Luis pregunta por Ricardo, y alguien se acerca al taxi para señalar un blanco del monte. De una sombra vemos venir a un hombre de una edad incierta (entre cuarenta y cincuenta años, pero con un desgaste de sesenta o setenta). Se apoya en el auto y Luis me lo presenta. Ricardo me da la mano y sigue hablando con el taxista en una cápsula de complicidad a la que no podría ingresar aunque quisiera. Habla Ricardo: “No, y yo estuve medio perdido estos días, viste que no estuve viniendo. ¿Pasaste por casa y yo no estaba? No, no estaba. Mi sobrino chocó en el centro con la moto. Casi se mata el pibe. Iba con un amigo. Agarró un auto, así, y fue a parar a la mierda. Un palo de aquellos. Esto fue el miércoles. ¿Vos sabés que le tuvieron que sacar una pierna? Así es la vida, ¿viste? De golpe, ¡pum! Por eso, hay que vivir. ¿Qué querés? ¿Vos bien? Mañana me parece que tenemos un térmico que trae carne. Así que lo vamos a esperar. Acá hay que estarse pillo, viste cómo es”.
Intentamos subir a la montaña de desperdicios por el camino que toman los camiones contratados por la Municipalidad de General Pueyrredón. No podemos, tenemos que tener un salvoconducto estatal que se gestiona en el ente que regula este monte Fuji de miseria que los empleados llaman “predio”. El Renault 12 nos lleva a tramitar ese permiso (digo que nos lleva porque nadie me saca de la cabeza que este auto tiene una memoria de los caminos que recorre, como la tienen las mulas montañesas) y pasamos por la casa de Ricardo, una esquina de un barrio humilde que no se ve mal. Luis me pone al tanto de los detalles: “La compró con la indemnización que cobró por la muerte del hijo. Se murió en un accidente. Ahora tiene una casa”.

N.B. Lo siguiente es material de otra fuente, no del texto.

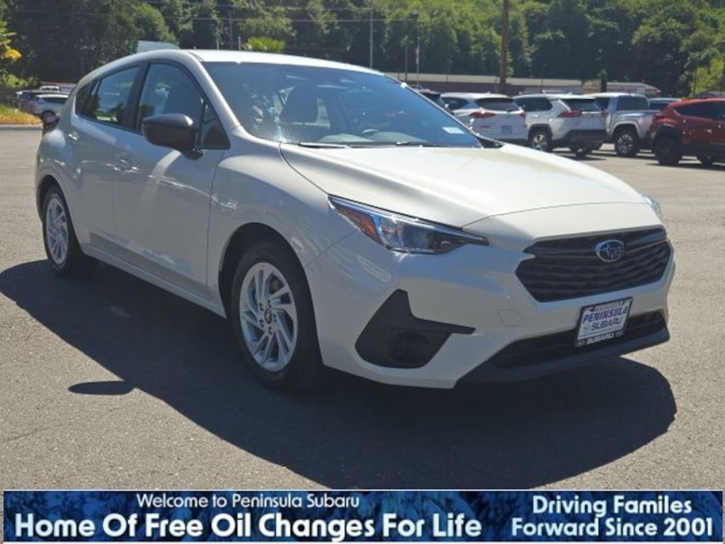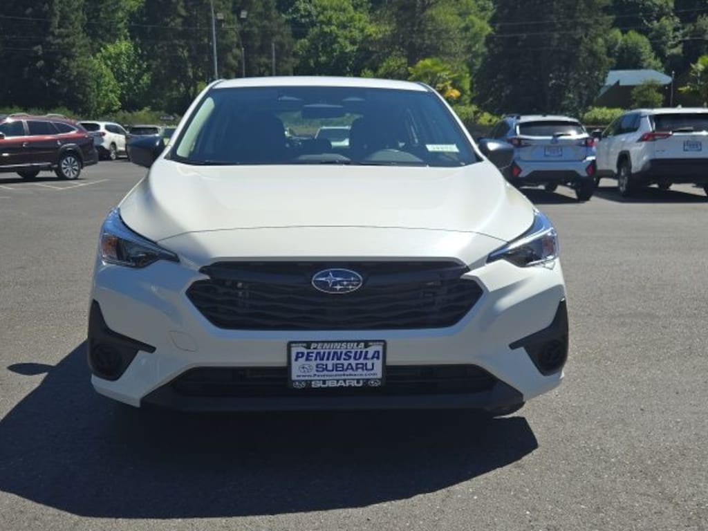 Crystal White Pearl 2025 Subaru Impreza AWD CVT Lineartronic 2.0L DOHC 4 Speakers, 4-Wheel Disc Brakes, ABS brakes, Air Conditioning, Alloy Wheels, AM/FM radio: SiriusXM, Anti-whiplash front head restraints, Auto High-beam Headlights, Automatic temperature control, Brake assist, Bumpers: body-color, Cloth Upholstery, Driver door bin, Driver vanity mirror, Dual front impact airbags, Dual front side impact airbags, Electronic Stability Control, Exterior Parking Camera Rear, Four wheel independent suspension, Front anti-roll bar, Front Bucket Seats, Front Center Armrest, Front dual zone A/C, Front reading lights, Fully automatic headlights, Illuminated entry, Knee airbag, Low tire pressure warning, Occupant sensing airbag, Outside temperature display, Overhead airbag, Overhead console, Panic alarm, Passenger door bin, Passenger vanity mirror, Power door mirrors, Power steering, Power windows, Radio data system, Radio: Subaru Dual 7" Multimedia System, Rear window defroster, Rear window wiper, Remote keyless entry, Security system, Speed control, Speed-sensing steering, Split folding rear seat, Spoiler, Steering wheel mounted audio controls, Tachometer, Telescoping steering wheel, Tilt steering wheel, Traction control, Trip computer, Variably intermittent wipers, Wheels: 16" x 6.0" 1/2J Silver Aluminum Alloy, Wheels: 16" x 6.0" 1/2J Steel w/Full Cap.

Todo bien. Voy a poder entrar a la montaña de porquerías marplatenses sin ninguna restricción, pero recién a las cinco de la tarde, cuando se reúnan allí la plana mayor de bomberos, los jefes regionales de la Policía Bonaerense y funcionarios del Municipio. Van a anunciar un plan de intervención en el lugar, el traslado del “predio” y la reactivación de una planta de separación de residuos en la que la gestión anterior invirtió dos millones de pesos pero no anda ni para atrás.

A las cinco de la tarde regreso al basural en mi auto, sin compañía, escuchando una estación de FM que sólo pasa música hecha con máquinas. De modo que el paisaje es prehistórico y la banda de sonido del paisaje es futurista pero, como sucede en las películas de ciencia ficción, ambos elementos coinciden para producir una imaginación espesa en la que conviven todos los tiempos históricos. Es la lección del género: la evolución histórica y el progreso son una superstición llena de puerilidad. Las familias de las tolderías continúan en lo suyo. Ya sé por qué están allí. Están allí porque vienen de muy lejos, en largas caminatas que duran a veces todo el día, y prefieren quedarse una semana o un mes juntando plásticos y cartones antes que irse para regresar al día siguiente. Es la única forma que tienen de ganar más tiempo y más dinero, aunque éste sea un poco más esquivo que aquél (un peso por cada kilo de plástico).

Algunas cosas se modificaron en relación con el mediodía. Por ejemplo, donde había un campo vacío, frente a las dependencias municipales, ahora hay un helicóptero de la Policía estacionado como un alguacil gigante en cuya puerta se ha ploteado la bandera bonaerense concursada por Eduardo Duhalde, posiblemente la más fea del mundo. De lejos veo una fila india que está subiendo a la cima del basural. Es una plana mayor de comisarios, directores municipales y jefes de bomberos que sostienen conversaciones peripatéticas en las que está menos presente el pensamiento que la inminencia de un repertorio de actos (digo yo, no sé). Los sigue un grupo de periodistas invitados y fotógrafos en bermudas que se están haciendo un picnic con lo que ven.